WHAT YOU SHOULD DO - Retype only what runs from the beginning of the data through the line with "Tailleur|Pantaloni E Shorts|Elisabetta"; please omit the pictures and keep every line exact.

DATA RECORDS -
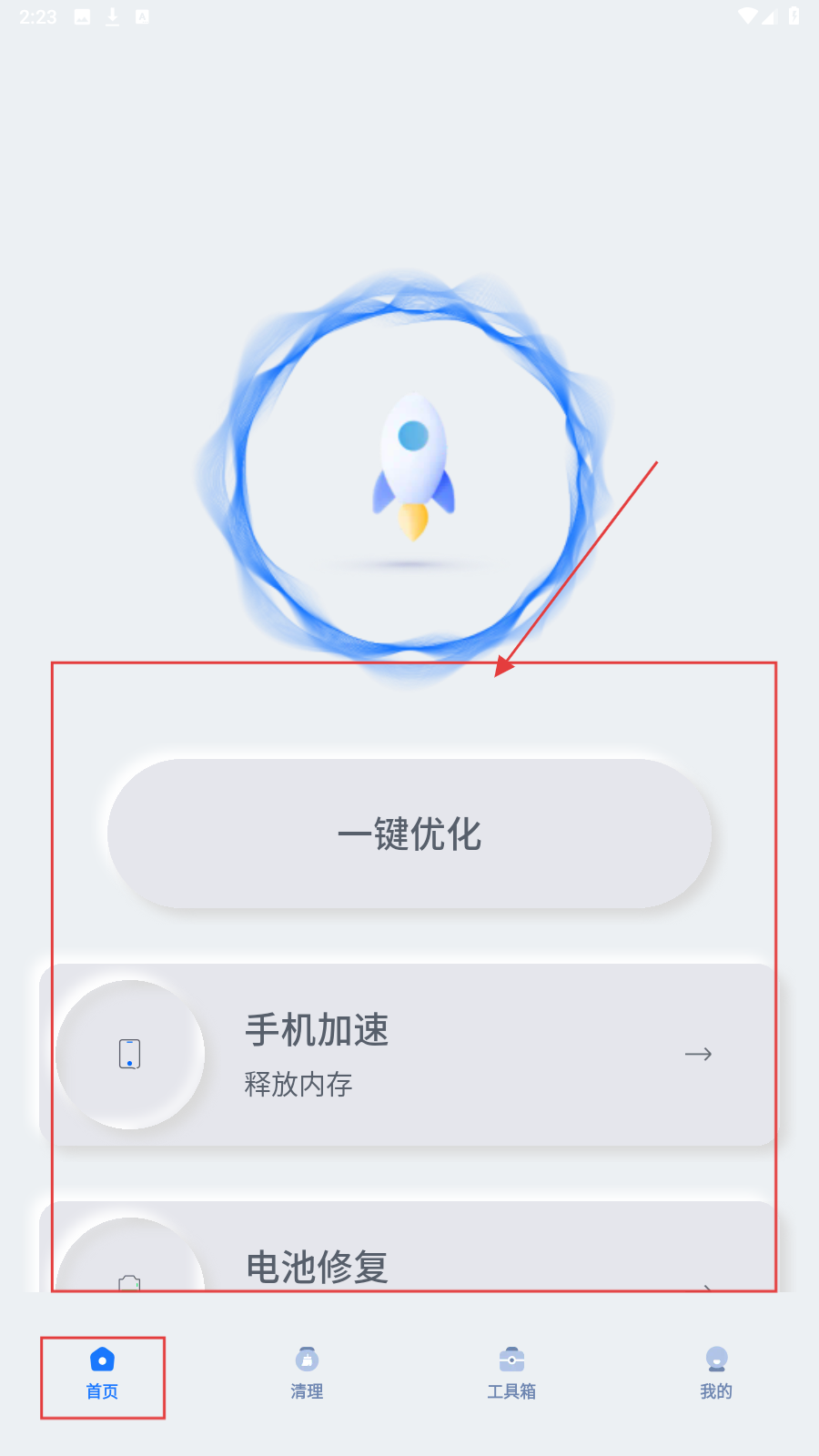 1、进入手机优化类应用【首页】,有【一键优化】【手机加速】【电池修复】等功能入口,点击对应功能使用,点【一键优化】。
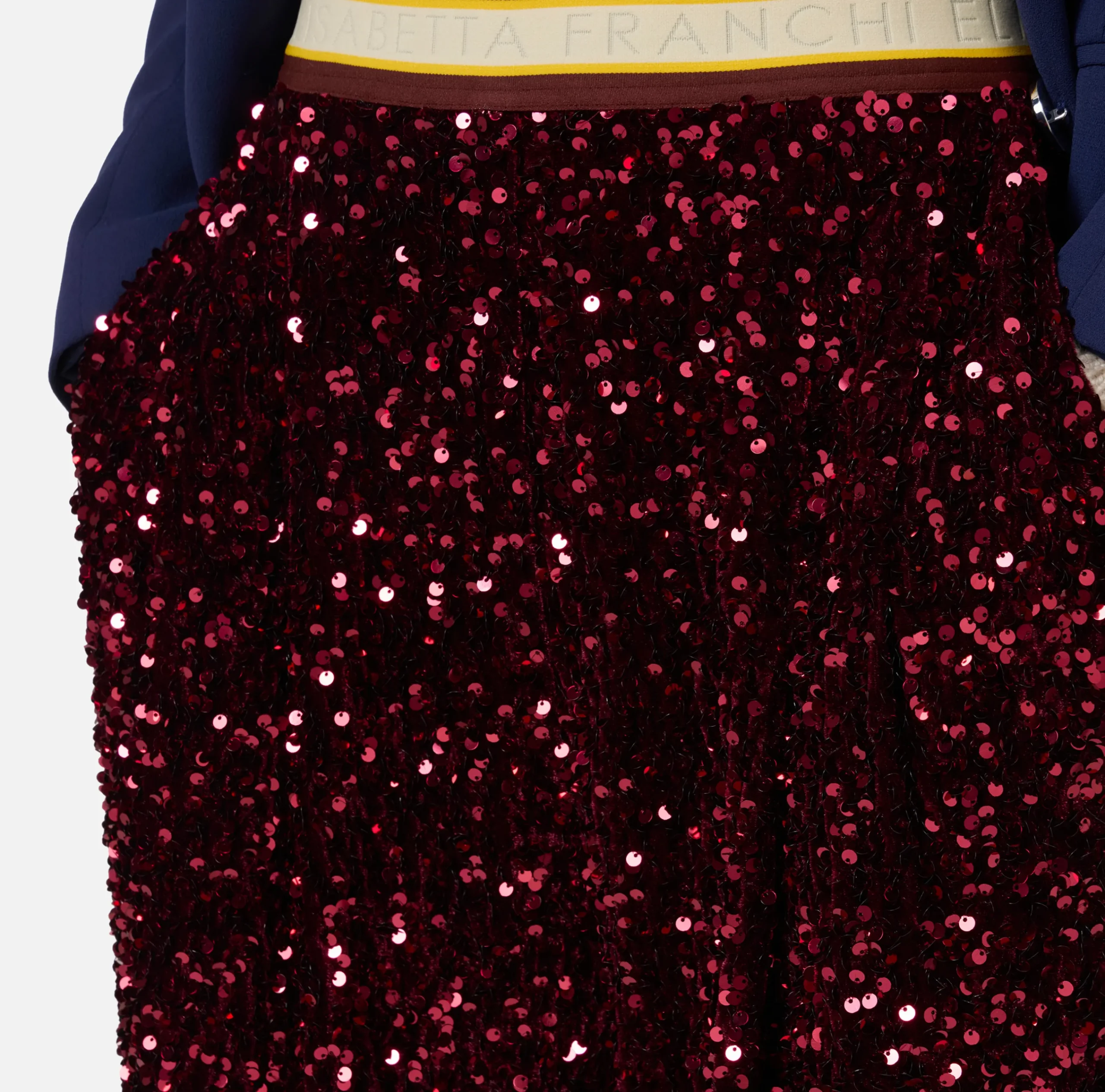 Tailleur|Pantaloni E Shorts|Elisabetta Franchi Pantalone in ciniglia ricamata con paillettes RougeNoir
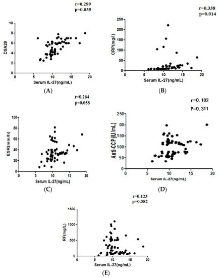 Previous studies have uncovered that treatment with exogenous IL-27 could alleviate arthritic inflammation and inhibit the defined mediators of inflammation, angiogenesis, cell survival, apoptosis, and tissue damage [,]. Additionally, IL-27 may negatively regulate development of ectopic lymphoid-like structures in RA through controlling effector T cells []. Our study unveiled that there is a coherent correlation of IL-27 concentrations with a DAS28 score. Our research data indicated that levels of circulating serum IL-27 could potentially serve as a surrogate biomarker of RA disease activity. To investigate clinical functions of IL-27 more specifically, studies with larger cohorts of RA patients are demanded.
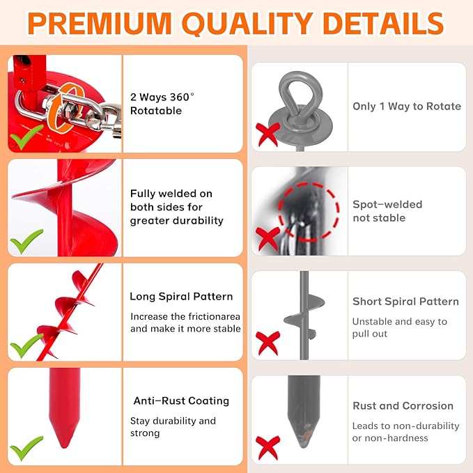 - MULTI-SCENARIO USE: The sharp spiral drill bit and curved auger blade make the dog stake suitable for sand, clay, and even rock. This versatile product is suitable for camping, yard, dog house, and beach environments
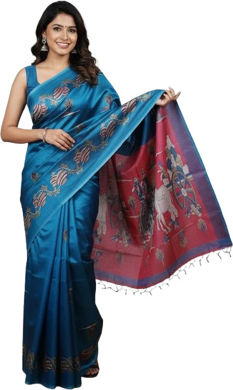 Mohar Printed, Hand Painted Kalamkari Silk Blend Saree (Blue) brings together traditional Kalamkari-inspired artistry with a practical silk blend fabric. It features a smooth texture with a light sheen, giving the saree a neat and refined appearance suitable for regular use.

ANSWER AREA -
 1、进入手机优化类应用【首页】,有【一键优化】【手机加速】【电池修复】等功能入口,点击对应功能使用,点【一键优化】。
 Tailleur|Pantaloni E Shorts|Elisabetta Franchi Pantalone in ciniglia ricamata con paillettes RougeNoir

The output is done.